At the start of the observed period, the eyes of all available individuals were clinically examined, and conjunctival swabs taken for antigen detection tests and PCR targeting a plasmid sequence. During the clinical examinations signs of trachoma were graded according to degree of inflammation, presence of follicles, and sequelae (including conjunctival scarring, entropion and corneal opacity). The PCR and antigen detection tests indicate the presence or absence of Chlamydia trachomatis for each individual.

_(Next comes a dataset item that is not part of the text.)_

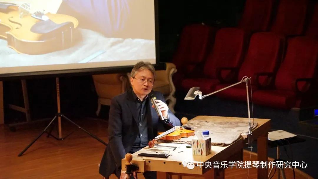 高老师首先从提琴的维护与保养知识切入,重点分享了关于琴弦的老化与更换、琴码的检查、弦轴的检查与微调等三方面内容。逯翔老师侧重于提琴琴箱修复问题的诊断,对于琴箱的开胶开裂、腮托的安装位置给予了重点分享。陈婷老师专门讲解了提琴油漆方面的知识。刘崇余老师对于现场观众呈上的琴弓给予了充分的意见与建议。管弦系系主任童卫东老师亲自上场,饶有兴趣地参与了讲座的访谈与互动。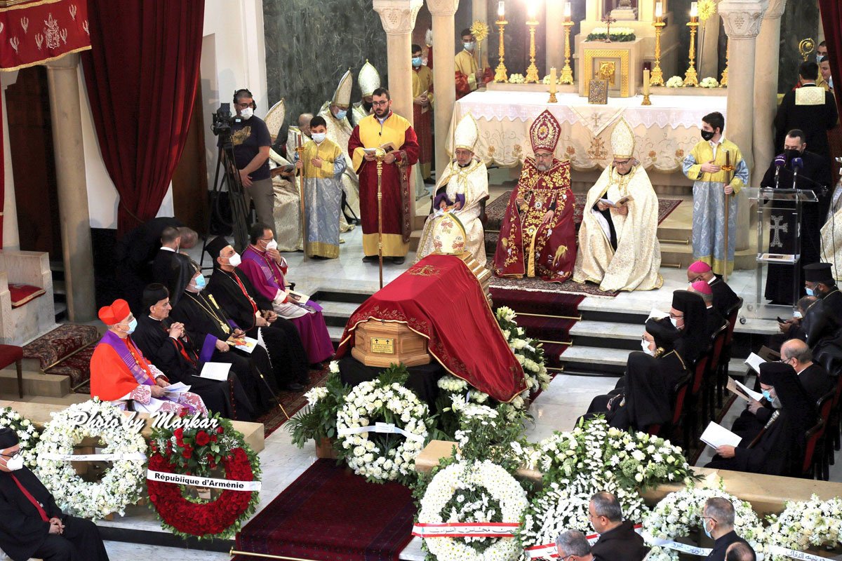 Յուղարկաւորութիւնը կատարուեցաւ հանդիսապետութեամբ Հայ կաթողիկէ պատրիարքութեան ընդհանուր կառավարիչ, Բերիոյ հայ կաթողիկէ թեմի առաջնորդ Պետրոս արք. Միրիաթեանի: Յուղարկաւորութեան արարողութեան մասնակցեցան Մեծի Տանն Կիլիկիոյ Արամ Ա. կաթողիկոս, մարոնի եկեղեցւոյ Պշարա Ռայի պատրիարքը, ինչպէս նաեւ տարբեր համայնքներ ներկայացնող հոգեւորականներ: Վերջին օծման արարողութիւնը տեղի ունեցած էր ուրբաթ, 28 մայիսին, Հայ կաթողիկէ պատրիարքարանի Ս. Աւետման եկեղեցւոյ մէջ:

Following the baseline survey, 68 individuals from Berending and 188 individuals from Jali were surveyed longitudinally over a six month period. Participants were included from twenty randomly selected households, based on the criteria of having at least one confirmed case of active trachoma and at least four household members without active trachoma [13]. Follow-ups occurred every two weeks, in which participants were clinically examined for signs of trachoma and swabs taken for antigen detection tests. There are some instances of missing data due to absences during the survey and diagnostics failing to return readable results. On the final week all available individuals underwent a second clinical eye examination. Note that we exclude data from individuals under 1 year of age as clinical signs of trachoma are considered unreliable in under 1s. These individuals are still included in the model described in the next section, but are treated as having missing data.

Trachoma transmission model

We adapted previously published transmission frameworks as an individual-based stochastic model, informed by our understanding of the natural history of trachoma infection [9,12,16,19]. In endemic regions, people undergo repeated trachoma infections throughout their lifetime and those with past infections are known to have shorter infection clearance and disease recovery periods, possibly due to an acquired immune response [12]. We consider four possible epidemiological states in our model; susceptible (S), infectious (I), infectious and diseased (ID), and diseased (D). Here, ‘diseased’ refers to TF, from which individuals may recover in the absence of reinfection. Individuals transition after exposure to C. trachomatis; following an incubation period; when the infection is cleared; and finally after a recovery period. While in state D individuals may also be reinfected, albeit with a modified level of susceptibility given by the parameter . To account for a different susceptibility and duration of infectiousness we consider an individual’s first infection separately from all subsequent infections and therefore denote naïve states as S0, I0, ID0, D0, and non-naïve states S1, I1, ID1, D1. The model structure is shown in Fig 1.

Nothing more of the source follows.